These records contain pictures, which must be left out; copy exactly the lines from the one with "E1.S推出初期被认为是M." up to and including the one with "Campaigns of the".

Recorded data:

*** Block opens ***

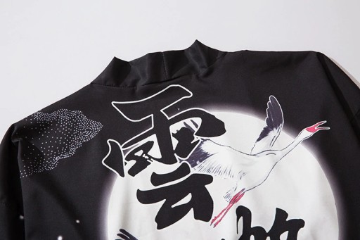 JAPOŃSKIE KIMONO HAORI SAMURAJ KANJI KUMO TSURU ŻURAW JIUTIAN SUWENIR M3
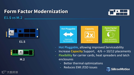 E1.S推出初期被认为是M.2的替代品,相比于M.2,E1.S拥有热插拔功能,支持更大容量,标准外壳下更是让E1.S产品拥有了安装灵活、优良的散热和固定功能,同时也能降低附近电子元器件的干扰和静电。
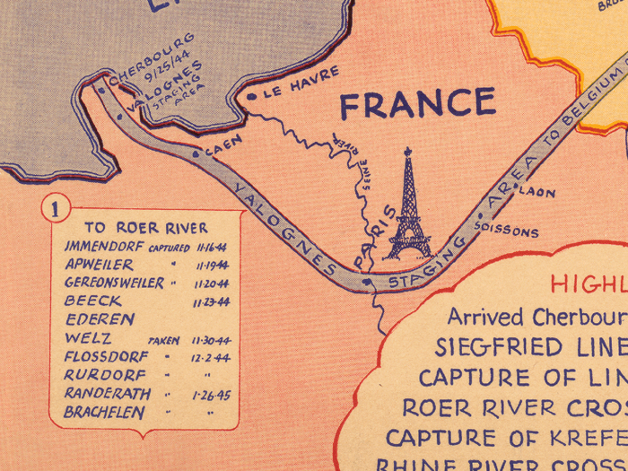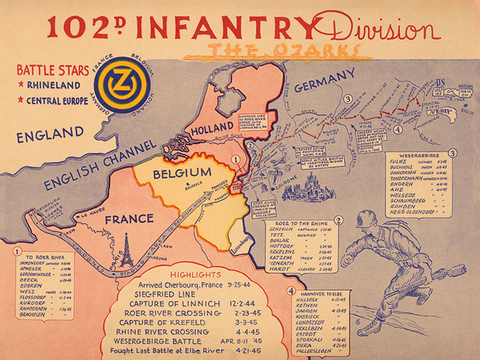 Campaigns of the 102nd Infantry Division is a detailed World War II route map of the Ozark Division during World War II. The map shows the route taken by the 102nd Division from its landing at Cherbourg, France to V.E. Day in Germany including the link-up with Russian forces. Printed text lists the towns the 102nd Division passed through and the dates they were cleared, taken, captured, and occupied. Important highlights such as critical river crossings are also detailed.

*** Block closes ***
*** Block opens ***

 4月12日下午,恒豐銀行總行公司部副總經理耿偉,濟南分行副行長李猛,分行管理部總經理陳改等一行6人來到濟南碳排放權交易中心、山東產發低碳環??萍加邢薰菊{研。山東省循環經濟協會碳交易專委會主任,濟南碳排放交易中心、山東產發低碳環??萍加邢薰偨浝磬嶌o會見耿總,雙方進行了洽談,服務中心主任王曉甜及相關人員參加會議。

*** Block closes ***

Exercise result:
 E1.S推出初期被认为是M.2的替代品,相比于M.2,E1.S拥有热插拔功能,支持更大容量,标准外壳下更是让E1.S产品拥有了安装灵活、优良的散热和固定功能,同时也能降低附近电子元器件的干扰和静电。
 Campaigns of the 102nd Infantry Division is a detailed World War II route map of the Ozark Division during World War II. The map shows the route taken by the 102nd Division from its landing at Cherbourg, France to V.E. Day in Germany including the link-up with Russian forces. Printed text lists the towns the 102nd Division passed through and the dates they were cleared, taken, captured, and occupied. Important highlights such as critical river crossings are also detailed.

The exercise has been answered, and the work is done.